Well, send-receive will couple together in the sentence of the following: The sender's destination of course, should be a valid process rank. Rank is the word MPI uses for the identifier in that range of zero through nine. Receiver should, of course, also specify the valid source. Communicator, that was this mpi_comm_world, that has to be the same for the sender and the receiver. This is where the notion of group comes in. Unless you belong to the same group, process A cannot send to process B; and if you want to do between groups, then you need to do a little more sophisticated programming. And the tags, of course, should match, and the message data types must match; and receiver's buffer should be large enough. When all of these things are okay then the send-receive occurs.
Another little thing about semantics. P sends message, let's say m1 and then M2 to Q, and, of course, Q will receive them in that order. If P sends different messages to different processes, then you should not be concluding anything regarding when did R receive it and when did the process named Q receive it.
Now, there is a considerable variety in terms of blocking and unblocking. And unfortunately both PVM and MPI use the word asynchronous in a way that conflicts with the more theoretical, more conceptual computer science illustration. You need to be cautious about these words.
Send, receive can be blocking or not. By blocking or not we simply mean the following, and it should be decoupled from this word asynchronous. If you are saying receiving, I think we said this; obviously you cannot receive if there is no message to receive. But if you then invoke this receive in a nonblocking way, this receive will terminate. It will come back saying, I tried to receive, but I failed. That's what we mean by nonblocking.
A blocking send, of course, can be coupled with a nonblocking receive and vice-versa. And the send itself comes in a bunch of varieties. If you do nothing it is in the standard mode, otherwise there are these three other modes, which are to be understood carefully because of subtle semantics that can play in there.
Apart from this nonblocking thing, this is about the same as a regular send, and same with this. These two routines, if you happen to use the nonblocking kind, you can use it to then wait or test if things have worked okay or not. If you remember, handle was one of the arguments in the previous send, receive, in the previous receives.
Now back to a similar thing to PVM, collective communication. The broadcast here that left-hand side call should be invoked by all the processes even though all but one process is doing something different. That is the one that is sending stuff, whereas, the remaining processes are receiving the stuff. So all ten of them would invoke this at the same time, but one of those ten processes is doing the broadcast and the others would there for be receiving it.
mpi_scatter. And a similar thing applies to scatter. If you understood the pvm_scatter, this similar. But please note the order of parameters is of course different. In this case the scatter is actually being done by this processes whose number is root, and that is that argument.
mpi_gather. Gather is again similar in meaning to what we had seen in PVM.
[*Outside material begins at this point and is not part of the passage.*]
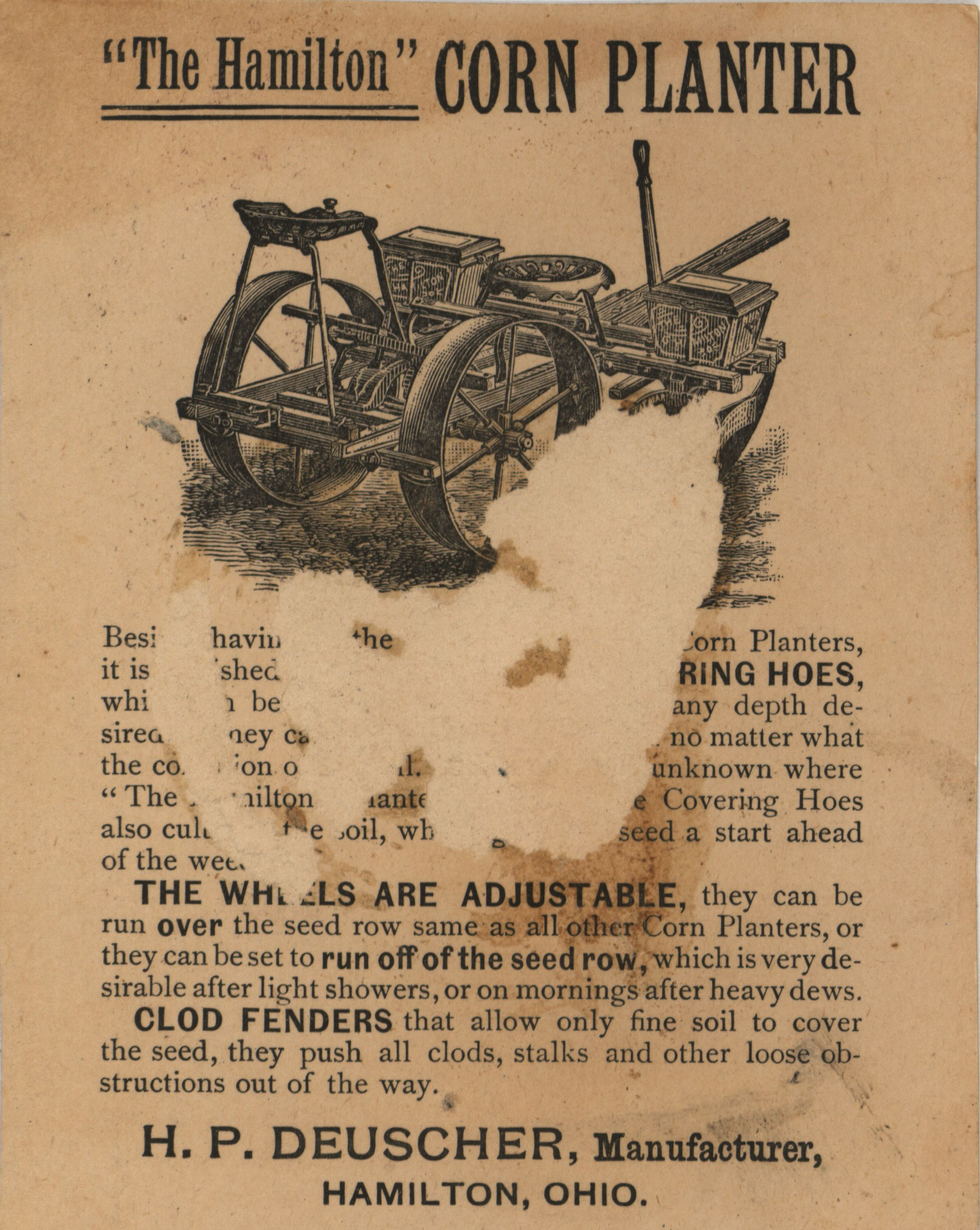 - "H. P. Deuscher Company The Hamilton Corn Planter advertisement card", Agricultural Machinery Literature Collection, Iowa State University Library Digital Collections

mpi_reduce. Here is the reduce. So when all your workers have computed their subresults, they would have sent them to the master. And I think you would agree that if the master has to be doing the complete computation of the result, that would not be a good thing. So here is an operation called reduce, where the reduction is being performed by the entire group. So it's not just the master that will do it. But conceptually speaking, as I said, if you write down your subresults in a row like that, you basically insert this binary operator in between every two operands. If you then evaluate the expression, that's what reduction will yield. In this case, that reduction is being performed not by type one process named master, but by the entire group.
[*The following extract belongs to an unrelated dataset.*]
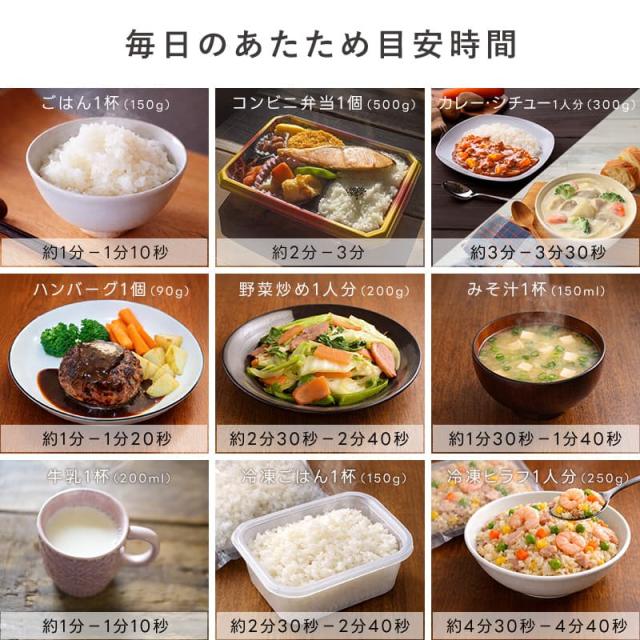 食品の種類、温度により異なりますので様子を見ながら加熱してください。

And there are various predefined reduction operations. As you can see they're all binary operations. And of course you can write your own. Effectively you need to make sure that the signature of the reduction operation you write is appropriate. Other than that, any kind of operation will do.
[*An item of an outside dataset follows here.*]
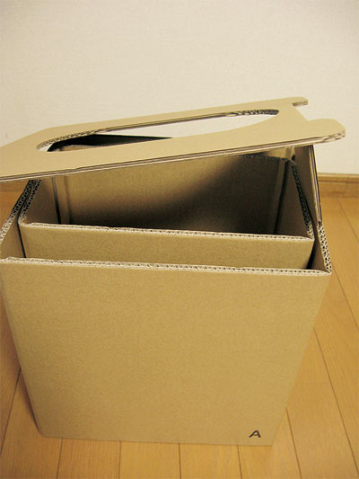ダンボールのパーツにアルファベット表示があるので、指示どおりに組み立てるだけ。

So here are the top ten reasons that Ohio Supercomputer produces. I thought I'd reproduce them for you, and I have slightly re-ordered the numbers. So I'll let you read them, and I think I'm almost at the end of this. If not, I'll come back to this. This is trying to say that MPI is better than PVM. There are lots of fairly straight forward advices in there.
First of all, as you saw, practically for every major send-receive kind of operation that PVM has, there's a corresponding operation in MPI.
If you want right now dynamic process creation PVM can do, it MPI cannot. But MPI can in the very near future. So roughly speaking, it kind of boils down to such detail. On the other hand, there is considerable vendor support for MPI, and the entire community is moving towards that.
PVM by-in-large you may continue to use the software that exists there, and because it is generally understood better because of longer development experience that people have, PVM may survive. But all new code, I think the general recommendation is, that you should be doing that in MPI.
AUDIENCE MEMBER: On No. 7 up there: MPI defines a 3rd party profiling mechanism. Does that mean that there should be profiling --
DR. PRABHAKER MATETI: For example, in the end you want to figure out which part of your code is really critical to improve. There have been all kinds of other applications that do that. And then the same kind of thing also gets into having really sophisticated debuggers.
AUDIENCE MEMBER: That's what I was leading to yesterday at lunch we heard from Sun on how --
DR. PRABHAKER MATETI: Right. They were claiming a hole there.
AUDIENCE MEMBER: They were claiming Prism on their debugger, and my question was going do is there other 3rd party --
DR. PRABHAKER MATETI: I think so. I don't have a list of these other 3rd party names, but, yes, they are quite a few. There are at least, as far as I could tell, there are at least a dozen or so implementations of MPI. Practically every supercomputer manufacturer has their own MPI implementations and associated applications like debuggers.
AUDIENCE MEMBER: So profiling, I can get a software that I can --
DR. PRABHAKER MATETI: From somebody else and plug it into the free version of MPI for example.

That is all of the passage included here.